🤖 AI Summary
Synchronous reinforcement learning (RL) post-training is critical for enhancing the diverse capabilities of large language models (LLMs), yet existing systems suffer from low resource utilization and poor scalability. To address these limitations, we propose a fully asynchronous RL post-training architecture grounded in two core design principles: fine-grained parallelism and decoupling of rollout generation from policy training. Our architecture integrates key techniques—including asynchronous execution, queue-based scheduling, environment-level parallelism, and off-policy algorithm support—to maximize hardware efficiency and flexibility. It enables scalable training for both RL-based value ranking (RLVR) and agent-oriented tasks. Experiments demonstrate that, under identical GPU resources, our approach achieves 2.24× and 2.72× speedups for RLVR and agent tasks, respectively, while matching the convergence performance of synchronous baselines.
📝 Abstract
Synchronous Reinforcement Learning (RL) post-training has emerged as a crucial step for enhancing Large Language Models (LLMs) with diverse capabilities.
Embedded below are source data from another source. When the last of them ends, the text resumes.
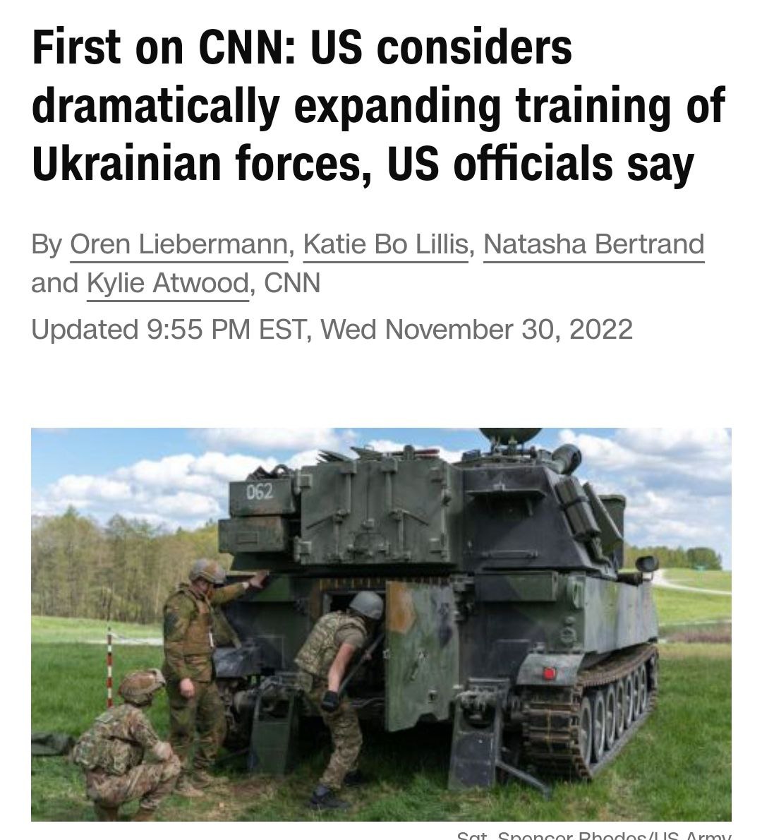 "Согласно новой программе, США начнут обучать гораздо большие группы украинских солдат более сложной тактике ведения боя, включая координацию пехотных маневров с артиллерийской поддержкой", - говорится в материале.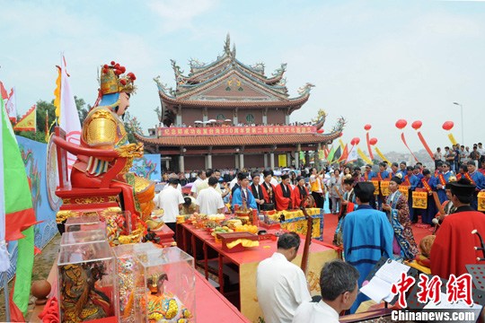 6月17日,來自海峽兩岸的數百名民眾齊聚“鄭成功故里”——福建南安石井鎮(zhèn),在兩岸攜手興建的“鄭成功廟”循古禮舉行了盛大的進香儀式,共同祭拜和緬懷鄭成功。中新社發(fā) 孫虹 攝
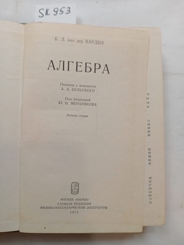 In Russian. Short description: B. L. van der Warden, Algebra [Algebra]. Moscow: Science, 1979. Please feel free to contact us for a detailed description of the copies available. SKU lom-SK000953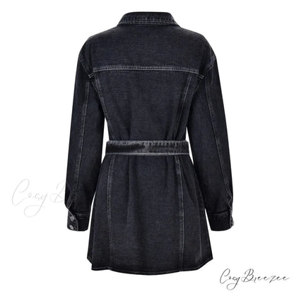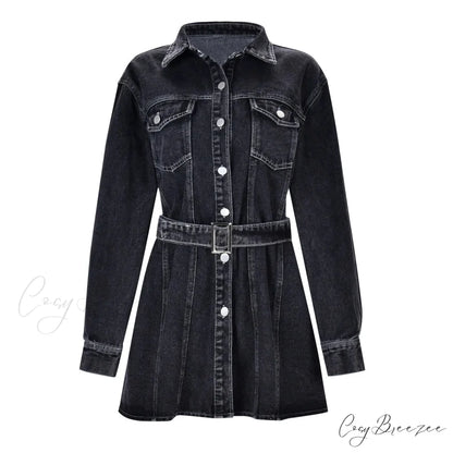 Fashionable Slim Mid-Cuff Belted Denim Office Spring Casual Long-Sleeve Women's Dress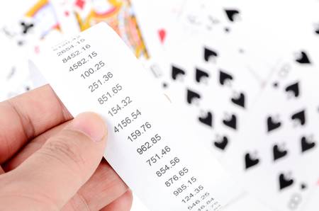 Close up view of green lottery scratch cards with us dollar bills and dice. Many used fake instant lottery tickets with gambling results
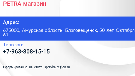 PETRA, магазин по адресу 675000, Амурская область, Благовещенск, 50 лет Октября, 61 в дальнейшем Организация, размещена в следующих категориях: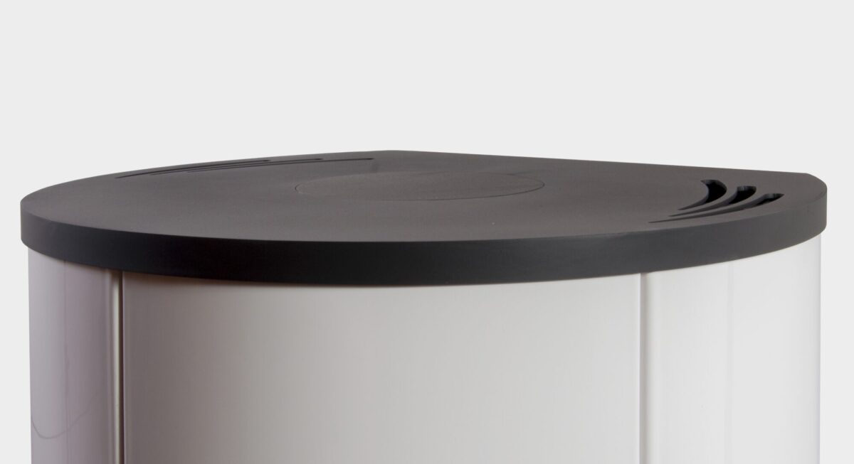 Povrchová úprava je realizovaná ekologickou vodou riediteľnou farbou s tepelnou odolnosťou až do 600°C, čo zaručuje dlhú životnosť a nadčasový vzhľad. Ako obklad je použitá ručne vyrábaná keramika, dostupná v bielej, čiernej lesklej alebo grafitovej matnej čiernej farbe.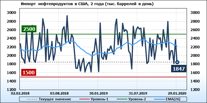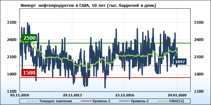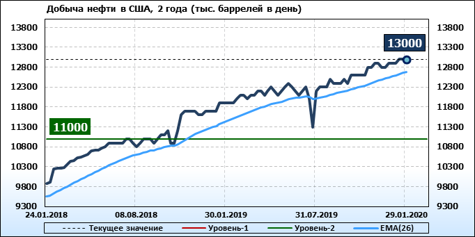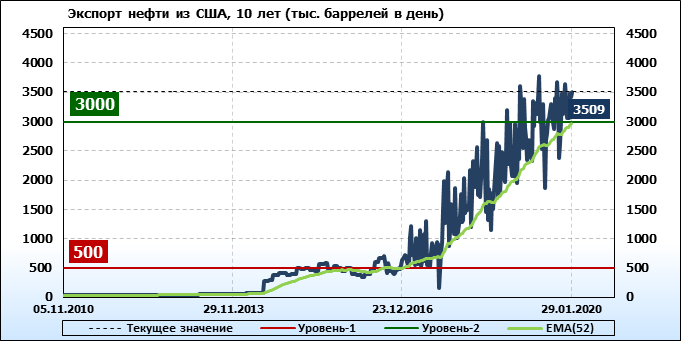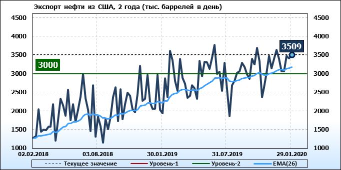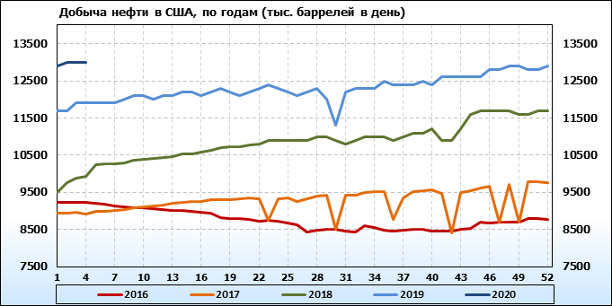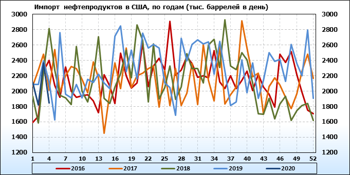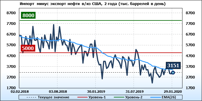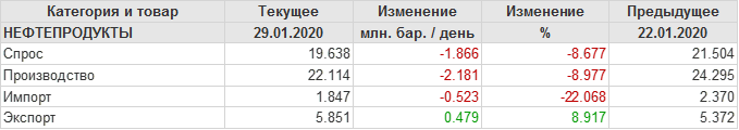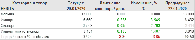 EIA. Добыча, импорт, экспорт нефти в США на 29 января 2020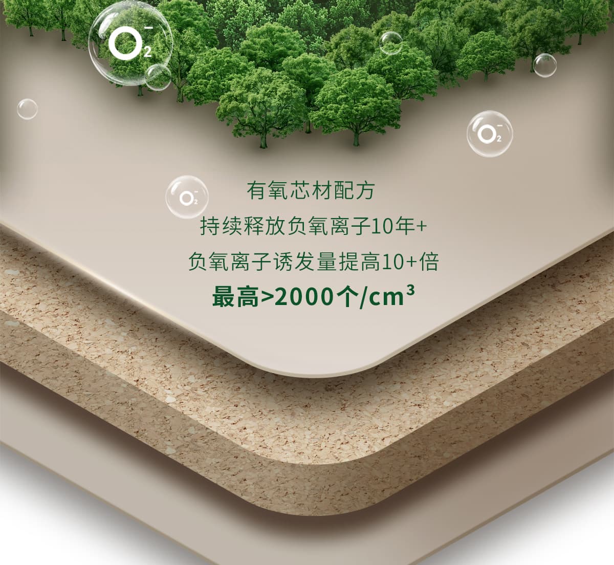 誘發空氣負離子量 比基礎環境提高10倍+

However, many systems designed to accelerate RL post-training still suffer from low resource utilization and limited scalability. We present ROLL Flash, a system that extends ROLL with native support for asynchronous RL post-training. ROLL Flash is built upon two core design principles: fine-grained parallelism and rollout-train decoupling. Guided by these principles, ROLL Flash provides flexible programming interfaces that enable a fully asynchronous training architecture and support efficient rollout mechanisms, including queue scheduling and environment-level asynchronous execution. Through comprehensive theoretical analysis and extensive experiments, we demonstrate that ROLL Flash significantly improves resource utilization and scalability over synchronous RL post-training. ROLL Flash achieves up to 2.24x speedup on RLVR tasks and 2.72x on agentic tasks, using the same GPU budget as synchronous baselines. Furthermore, we implement several popular off-policy algorithms and verify that asynchronous training can achieve performance on par with synchronous training.